▶ _Directions_: Would you retype exactly the lines below, starting with the one that has "pdf downloaden, ausdrucken" and going on through the one that has "Househelp runs into", with no pictures and nothing else?
*** Opening Record excerpts ***
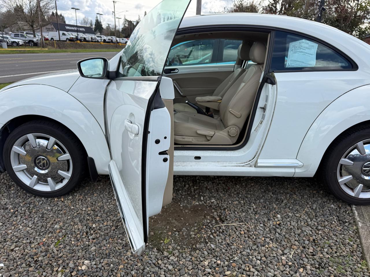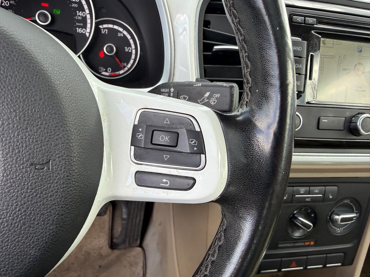 Step into this sleek and stylish white 2014 Volkswagen Beetle and get ready to hit the road in style! This car is not just a mode of transportation, it's a statement. With a nostalgic and charming design that harkens back to the classic Beetle, this car is sure to turn heads wherever you go.One of the most exciting features of this Beetle is its turbocharged engine, giving you that extra boost of power for a thrilling driving experience. The smooth handling and responsive steering make maneuvering through city streets or winding country roads a breeze.
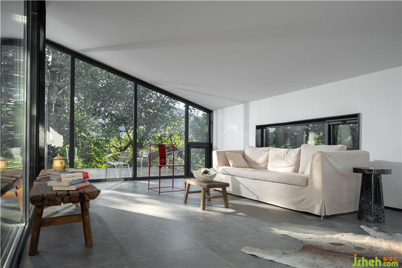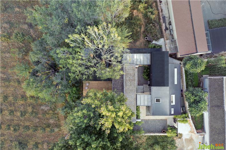 “樹下院”是新項目的名字——林立于一片白楊樹和核桃樹之間,室內(nèi)設(shè)計師東側(cè)毗鄰一大片菜地,這種原生態(tài)的場地優(yōu)勢是項目的命名淵源,也是設(shè)計的核心依托點。設(shè)計師希望創(chuàng)造一個豁然開朗的院子,把房屋周圍的樹木、山巒、陽光以及使用者的各種活動都容納其間。
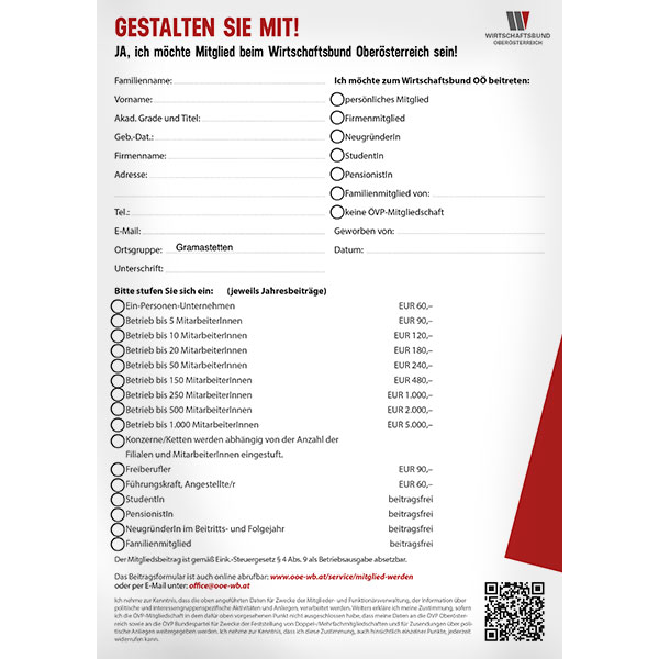pdf downloaden, ausdrucken und an info@gramastetten-wb.at schicken oder direkt auf der Website des Wirtschaftsbund OÖ ausfüllen.
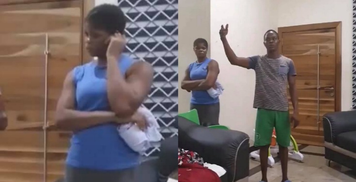 Househelp runs into toilet with knife after being caught stealing from a family in Lagos (videos)
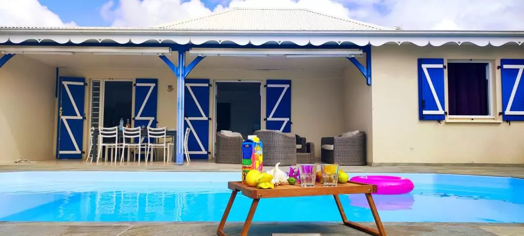 La Villa Canne Bleue, de plein pied et mitoyenne est idéalement située à la Zac pont café de Sainte-Luce, dans le Sud de la Martinique, à 2 minutes à pied de la Plage de ‘Corps de Garde’ et proche des routes des plus belles plages. Avec une cuisine équipée et un salon qui s’ouvre sur une grande terrasse ; sans oublier le BBQ dans le jardin. Pour profiter pleinement de l’ensoleillement de la Martinique, elle dispose d’une grande piscine rectangulaire (4m x 8m). Des filets de protection sont à votre disposition.
*** Closing Record excerpts ***
▶ _Output of the exercise_:
pdf downloaden, ausdrucken und an info@gramastetten-wb.at schicken oder direkt auf der Website des Wirtschaftsbund OÖ ausfüllen.
 Househelp runs into toilet with knife after being caught stealing from a family in Lagos (videos)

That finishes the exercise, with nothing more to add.